PROBLEM
Return nothing but the lines from the one containing "South Carolina Rental" through the end of the records below, exactly as they stand and without pictures.
+ + + +
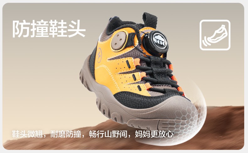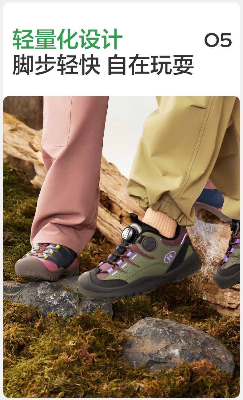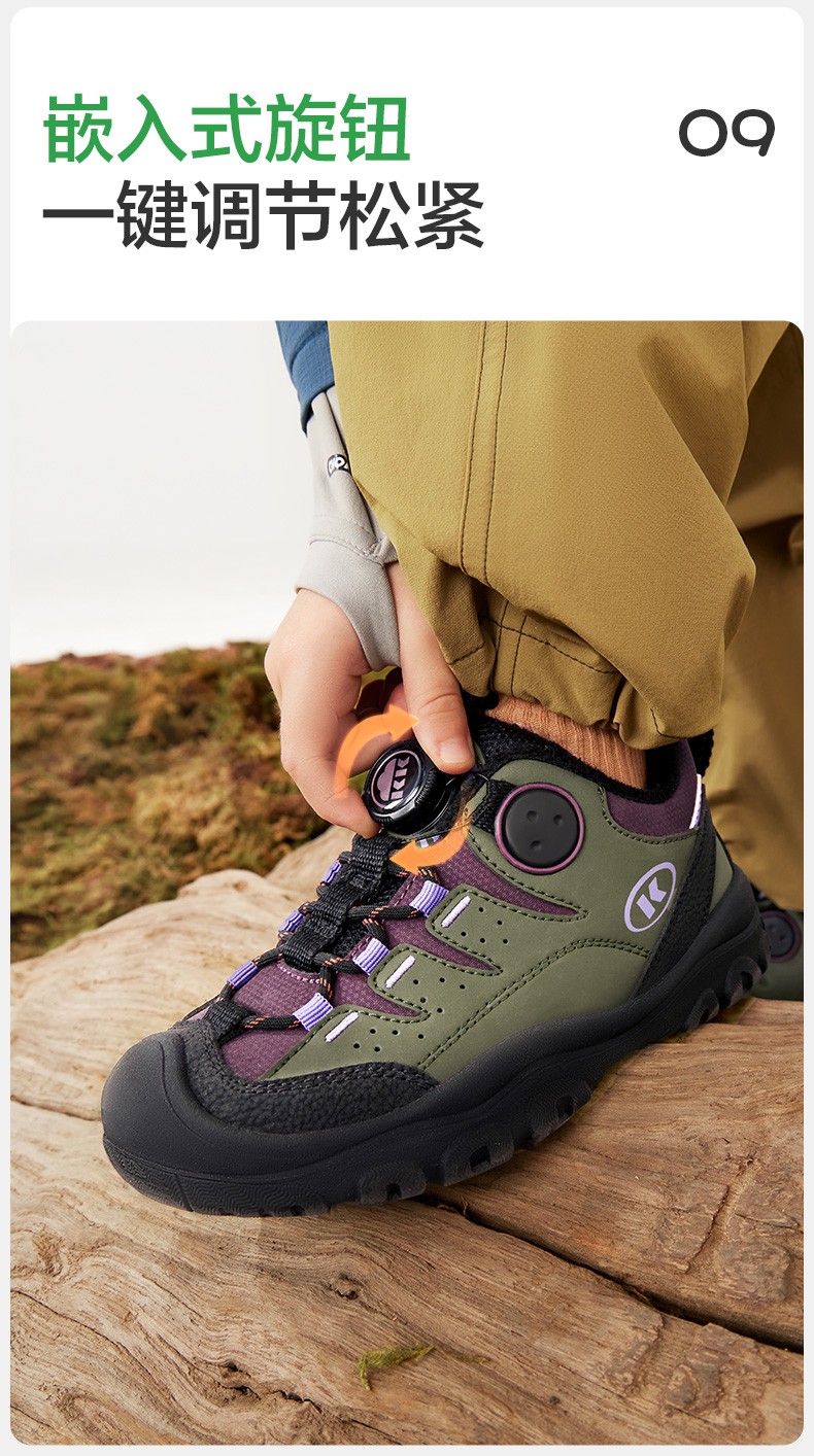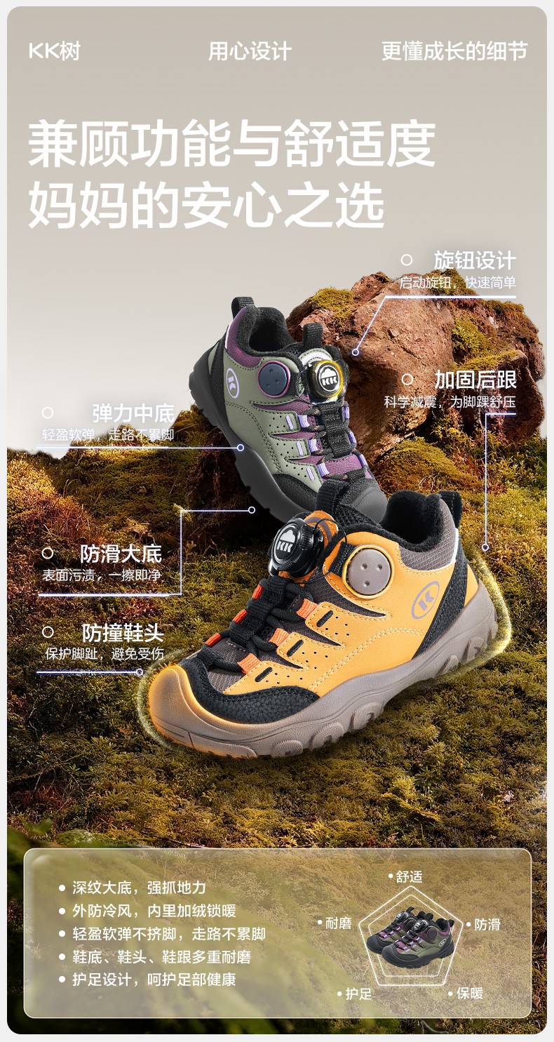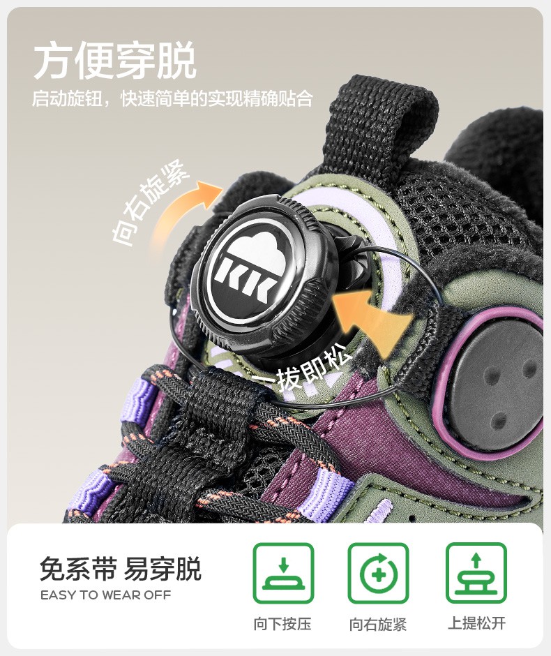 KK树儿童运动鞋旋钮扣男童女孩防风保暖登山鞋防滑耐磨轻盈好穿脱小曲奇户外运动鞋
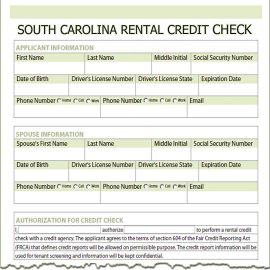 South Carolina Rental Credit Check Description
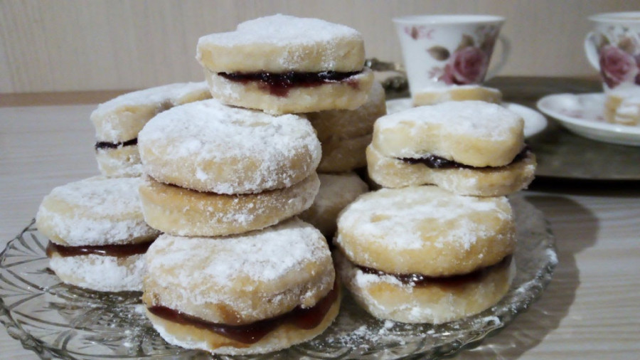 Kada su keksići potpuno hladni, možete ih spojiti filom. Uzmite jedan keksić, nanesite malo fila na njega, a zatim prekrijte drugim keksićem da biste napravili sendvič. Takođe, umesto tog fila možete stavite džem od šljiva.
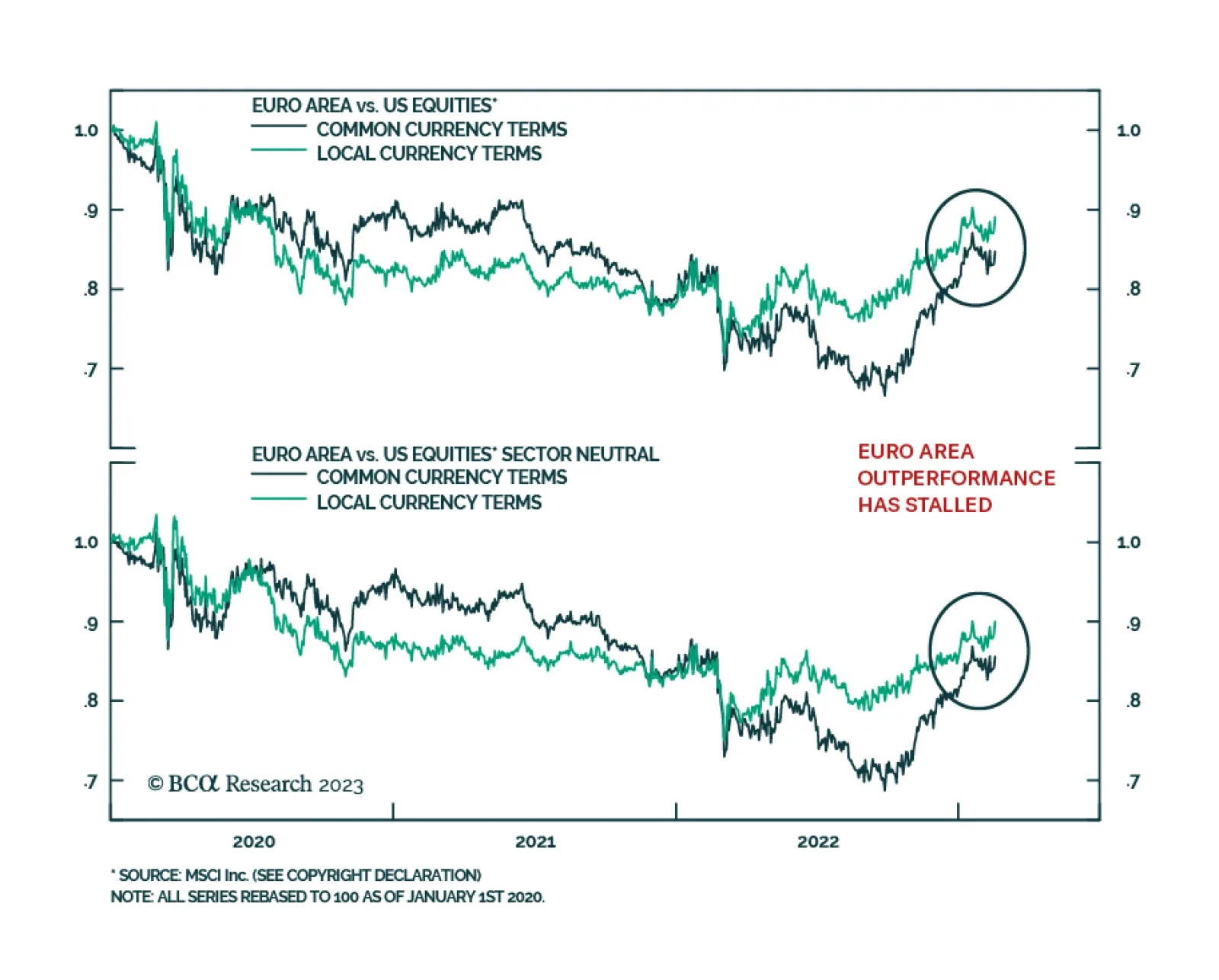 The four-month-long outperformance of Eurozone equities relative to US stocks has recently stalled. Multiple factors explain this dynamic. A strengthening US dollar reduces foreign gains when expressed in US dollars. Thus,…
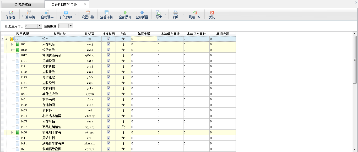 期初開賬:設(shè)定啟用軟件時間(即開賬日期);
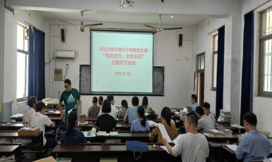 应衡阳市委组织部和公司的部署要求,2022年9月23日中午,应化分析与高分子材料支部开展了“党员先行、全民反诈”主题党日活动,活动由支部书记刘兴同志主持。首先,由支部书记组织全体党员集中学习了反电诈的政策与基本常识,让大家全面掌握了解电诈的常见手段、危害和防范技巧。其次,强调了安装“国家反诈中心”APP方法和重要性。随后,黄耿同志分享了自己被网络电信诈骗的亲身经历,让在场同志无不震撼和深感电诈的可怕。最后,支部所有党员现场签订了《不参与电信网络诈骗犯罪承诺书》。
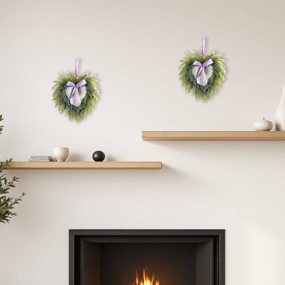 Made to mimic the real thing, this artificial wreath stays green year after year, with no watering needed. Features a unique heart design. This lovely wreath makes a wonderful gift and is sure to brighten someone's day. The enchanting lavender plant species adds a touch of elegance, while the traditional style provides timeless charm. Crafted from twigs, its beautiful green and purple hues create a delightful contrast. Perfect for covered outdoor use, this heart-shaped wreath enhances any space with its inviting presence and includes two pieces for versatile decorating options. 10-inch h x 9-inch w x 7-inch d.
+ + + +
COMPLETED EXERCISE
 South Carolina Rental Credit Check Description
 Kada su keksići potpuno hladni, možete ih spojiti filom. Uzmite jedan keksić, nanesite malo fila na njega, a zatim prekrijte drugim keksićem da biste napravili sendvič. Takođe, umesto tog fila možete stavite džem od šljiva.
 The four-month-long outperformance of Eurozone equities relative to US stocks has recently stalled. Multiple factors explain this dynamic. A strengthening US dollar reduces foreign gains when expressed in US dollars. Thus,…
 期初開賬:設(shè)定啟用軟件時間(即開賬日期);
 应衡阳市委组织部和公司的部署要求,2022年9月23日中午,应化分析与高分子材料支部开展了“党员先行、全民反诈”主题党日活动,活动由支部书记刘兴同志主持。首先,由支部书记组织全体党员集中学习了反电诈的政策与基本常识,让大家全面掌握了解电诈的常见手段、危害和防范技巧。其次,强调了安装“国家反诈中心”APP方法和重要性。随后,黄耿同志分享了自己被网络电信诈骗的亲身经历,让在场同志无不震撼和深感电诈的可怕。最后,支部所有党员现场签订了《不参与电信网络诈骗犯罪承诺书》。
 Made to mimic the real thing, this artificial wreath stays green year after year, with no watering needed. Features a unique heart design. This lovely wreath makes a wonderful gift and is sure to brighten someone's day. The enchanting lavender plant species adds a touch of elegance, while the traditional style provides timeless charm. Crafted from twigs, its beautiful green and purple hues create a delightful contrast. Perfect for covered outdoor use, this heart-shaped wreath enhances any space with its inviting presence and includes two pieces for versatile decorating options. 10-inch h x 9-inch w x 7-inch d.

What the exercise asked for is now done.